NVIDIA Cosmos Reason 2 Brings Advanced Reasoning To Physical AI

Enterprise + Article Published January 5, 2026

Tsung-Yi Lin

tsungyi

nvidia

Debraj Sinha

debrajsinha

nvidia

NVIDIA today released Cosmos Reason 2, the latest advancement in open, reasoning vision language models for physical AI. Cosmos Reason 2 surpasses its previous version in accuracy and tops the Physical AI Bench and Physical Reasoning leaderboards as the #1 open model for visual understanding.

NVIDIA Cosmos Reason 2: Reasoning Vision Language Model for Physical AI

Since their introduction, vision-language models have rapidly improved at tasks like object and pattern recognition in images. But they still struggle with tasks humans find natural, like planning several steps ahead, dealing with uncertainty or adapting to new situations. Cosmos Reason is designed to close this gap by giving robots and AI agents stronger common sense and reasoning to solve complex problems step by step.

Cosmos Reason 2 is a state-of-the-art, open reasoning vision-language model (VLM) that enables robots and AI agents to see, understand, plan, and act in the physical world like humans. It uses common sense, physics, and prior knowledge to recognize how objects move across space and time to handle complex tasks, adapt to new situations, and figure out how to solve problems step by step.

✨ Key Highlights

Improved spatio-temporal understanding and timestamp precision.

Optimized performance with flexible deployment options from edge to cloud with 2B and 8B parameters model sizes.

Support for expanded set of spatial understanding and visual perception capabilities — 2D/3D point localization, bounding box coordinates, trajectory data, and OCR support.

Improved long-context understanding with 256K input tokens, up from 16K with Cosmos Reason 1.

Adaptable to multiple use cases with easy-to-use Cosmos Cookbook recipes.

🤖 Popular Use Cases

Video analytics AI agents — These agents can extract valuable insights from massive volumes of video data to optimize processes. Cosmos Reason 2 builds on the capabilities of Cosmos Reason 1 and now provides OCR support, as well as 2D/3D point localization and a set of mark understanding.

Example of how Cosmos Reason can understand text embedded within a video to determine the condition of the road during a rainstorm.

Developers can jumpstart development of video analytics AI agents by using the NVIDIA blueprint for video search and summarization (VSS) with Cosmos Reason as the VLM.

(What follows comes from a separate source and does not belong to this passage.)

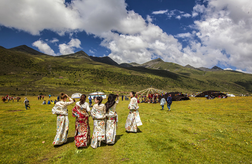木雅民族的鍋莊跳起來了,穩(wěn)沉而有力,多情而悠長,在雪峰環(huán)繞的庇護下,“木雅辛康”(意為天堂般的木雅地方)歡樂的歌聲盈滿了整個山谷。

Salesforce is transforming workplace safety and compliance by analyzing video footage captured by Cobalt robots with Agentforce and VSS blueprint with Cosmos Reason as the VLM.

Data annotation and critique — Enable developers to automate high-quality annotation and critique of massive, diverse training datasets. Cosmos Reason provides time stamps and detailed descriptions for real or synthetically generated training videos.

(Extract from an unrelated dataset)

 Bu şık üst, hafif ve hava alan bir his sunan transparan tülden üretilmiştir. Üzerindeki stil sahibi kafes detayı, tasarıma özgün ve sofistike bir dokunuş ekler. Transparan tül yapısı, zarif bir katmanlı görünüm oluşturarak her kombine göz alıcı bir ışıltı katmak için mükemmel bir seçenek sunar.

Example of a sample prompt to generate detailed, time-stamped captions for a race car video.

Uber is exploring Cosmos Reason 2 to deliver accurate, searchable video captions for autonomous vehicle (AV) training data, enabling efficient identification of critical driving scenarios. This co-authored Reason 2 for AV Video Captioning and VQA recipe demonstrates how to fine-tune and evaluate Cosmos Reason 2-8B on annotated AV videos. Across multiple evaluation metrics, measurable improvements were achieved: BLEU scores improved 10.6% (0.113 → 0.125), MCQ-based VQA gained 0.67 percentage points (80.18% → 80.85%), and LingoQA increased 13.8% (63.2% → 77.0%). These gains demonstrate effective domain adaptation for AV applications.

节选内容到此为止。